Something to note, however, wireless routers don't last more than a few years if you are lucky. This is why you buy the modem and router as separate devices. The modem will last a long time. You can get cheaper routers but they have even shorter life spans. The other issue with cheap routers is that they can't support as many active devices at the same time. It all depends on what you need.

Good luck!


----------



## diyorpay (Sep 21, 2010)

Xfinity likely supplying you with a gateway, a combo modem and router in one. It also has a phone jack. As getrex advises, an independent wanting to save money would buy each separately. A modem with a phone jack costs more. It's still a VOIP voice over internet design. As long as your wiring to all rooms is in place for cable and phones, I'd suggest cutting your plan from triple play to double play. (Tell xfinity you'll be using cell phones only to avoid an argument.) Then get 3 devices. A good DOCSIS 3 modem without the phone jack, a reasonable router for wifi to meet family needs (maybe a dual band one with ac in the name if you have very current devices for streaming) and a VOIP phone system that plugs into the router with a CAT5 or 6 cable and your home phones loop. Ooma is a great choice. I pay about $4 a month for all calls each month, unlimited US, Canada and below the wall. $10 more a month for extra features that maybe you don't use. The introductory triple play is cost effective until time passes and the rates increase. An ooma on sale appears regularly in sites like dealnews. Don't pay full price.
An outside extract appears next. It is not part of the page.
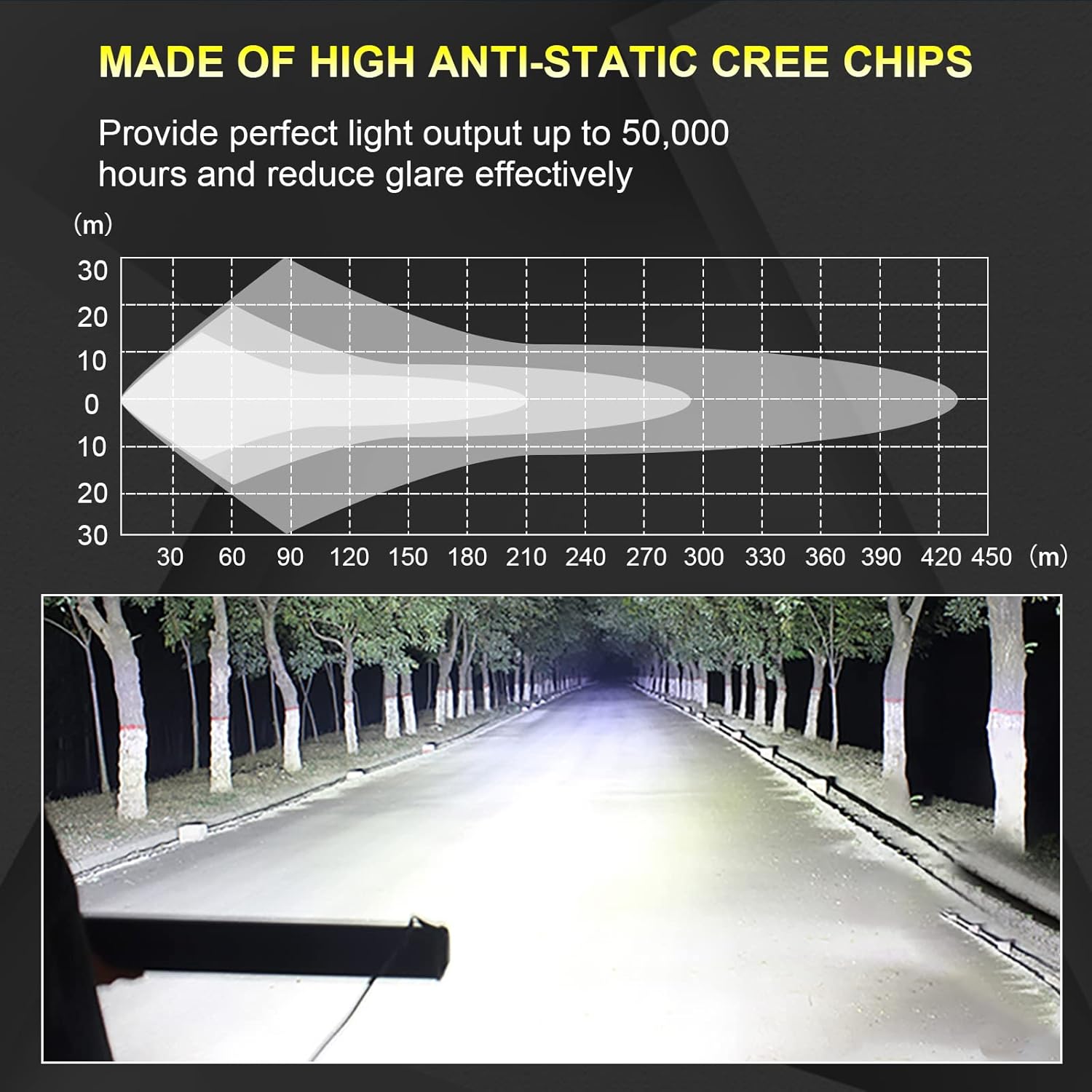 - 【Superhelle LED Bar】 Die 32 Zoll LED arbeitsscheinwerfer bar wendet leistungsstarke 405 Watt LED-Chips an, emittiert 6000k helles, kaltweisses Licht, liefert 40500lm und beleuchtet die gesamte vordere dunkle Strasse. Sie können extreme Entfernungen

True independence today is to get better internet, use cell phones and get your entertainment through devices like Roku, Apple TV, Amazon fire etc with Netflix, Hulu, Amazon Prime and now Sling and/or DirecTV Now.


----------



## Fix'n it (Mar 12, 2012)

thanx

i have been looking into this. its not easy. my first thought is = how much is a double play ?
even if i could just make a side move = get rid of the landline and get 2 smart phones plan for me and wife.


----------



## diyorpay (Sep 21, 2010)

*Re: comcast boxes ...Streeeeam, Stream Stream Stream*

We (all of us in America) are on the brink of a huge change in the delivery system of how we get our entertainment. 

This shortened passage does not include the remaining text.